家賃の支払日については認識していても、それが今月分なのか来月分なのかはあまり気にしたことがないという方もいるでしょう。
そこで今回は、家賃の前払いと後払いについて詳しく解説します。
家賃の支払いサイクルは2通り

賃貸物件の家賃支払いサイクルについては、前家賃と後家賃の2通りがあります。
前家賃とは
当月分の家賃を当月ではなく、前の月である前月中に支払うサイクルを「前家賃」といい、民間の賃貸物件については、9割ほどが前家賃だといわれています。
通常は、当月分の家賃を前月末、または前月25日、27日などに設定されていることが多いです。
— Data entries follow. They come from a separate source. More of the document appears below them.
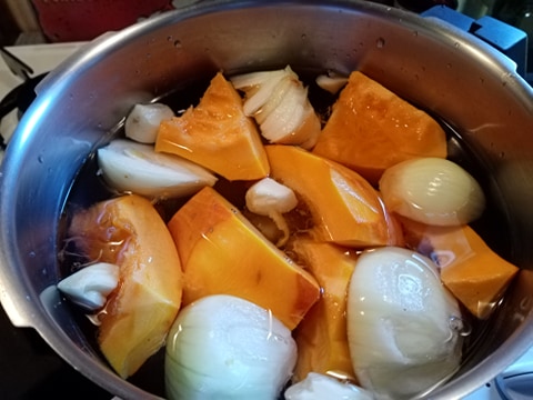 je mets tous mes ingredients dans la marmite les épices etc l'huile d'oilve
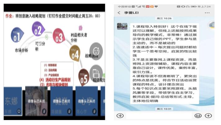 为贯彻疫情期间“停课不停学”“线上保质量”的要求,各方都在积极探索网课教学的新方式,为做好这次线上开放课工作,校级督导郭艳坤、李蕾多次进入课堂听课,与主讲教师研究课程设计,对授课环节、时间分配、网络平台等进行详细的交流与建议,质量监控中心袁晓初经常过问准备情况,帮助解决授课二维码等问题,范贞主动承担助教角色。张东娜勇于担当,全心投入,课前通过国家会展策划与管理专业资源库微知库教学平台提供教学视频、授课指南等学习材料,供学生预习和把握课上学习要点。课中采用钉钉直播为主,突出以学生为中心,采取问题导向、学生视频任务展示、师生共评、PPT图片展示等方式组织教学,内容涵盖教材精读文本、图文案例、微课视频、音频介绍、新闻展示等。通过课堂研讨、点答式提问时时关注学生学习状态,带领学生自主学习,不断激发学生的学习热情,保证了学生全员全程参与并有效达成学习目标。课后通过布置作业、师生研讨和答疑辅导等巩固学生学习成果。
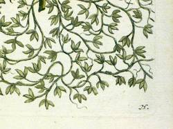 Aus: Johann Wilhelm Weinmann, Phytanthoza-Iconographia Oder Eigentliche Vorstellung Etlicher Tausend, So wohl Einheimisch- als Ausländischer, aus allen vier Welt-Theilen, in Verlauf vieler Jahre (...) gesammelter Pflantzen, Bäume, Stauden, Kräuter, Blumen, Früchten und Schwämme (Regensburg: Hieronymus Lentz 1737-1745), Bd. 3 (1742). – In der Platte rechts unten Signatur, rechts oben Tafel-Nr. "637", unten mittig ausführliche Inschrift: "a. Lens major, Lentille grande, Grosse Linsen. b. Lens vulgaris, Lentille, Linsen. c. Lentibulariar, seu Mille folium lenticulatu[m]. d. Lenticula aquatica trisulca, Wassergrütze. e. Lenticula palustris quadrfolia, Lentille de Marais, Vierblätterichte Linsen. f. Lenticula palustris vulgaris, Lentille a eau, Merr Linsen." – Bei der Herstellung der Tafeln arbeiteten die Augsburger Künstler Bartholomäus Seutter, Johann Jakob Haid und Johann Elias Ridinger zusammen. Die Kupfer wurden in einer für die Zeit revolutionären Weise farbig gedruckt und sodann partiell von Hand koloriert. Dabei fand der von Seutter weiterentwickelte Mezzotinto-Farbdruck des Niederländers Johannes Teyler Anwendung. – Das kräftige Büttenpapier sauber und frisch. Kontrastreiches wohlerhaltenes Kolorit. Insgesamt sehr guter Erhaltungszustand.

大家さんとしては、当月になる前に家賃が入金されるため安心ですし、退去する際にも退去前に家賃が支払われるため、確実に回収することができるというメリットがあります。
後家賃とは
当月分の家賃を当月になってから支払うのが「後家賃」です。大家さんにとっては、当月になるまで家賃が入金されないため、少々リスクがあります。
そのため、民間住宅で後家賃の物件はほとんど見かけなくなりましたが、一部の公営住宅には後家賃の物件もあるようです。
実は民法614条には賃料の支払い時期は後払いという記載があります。しかし、こちらは任意の規定となっています。実際には契約時の特約(条件)で前払いにしていることが多いのです。
前家賃・後家賃の確認方法
基本的に前家賃の場合は、契約前に決められているため、事前に説明を受けることになります。しかし、どちらだったのか契約当時のことを忘れてしまった人もいるでしょう。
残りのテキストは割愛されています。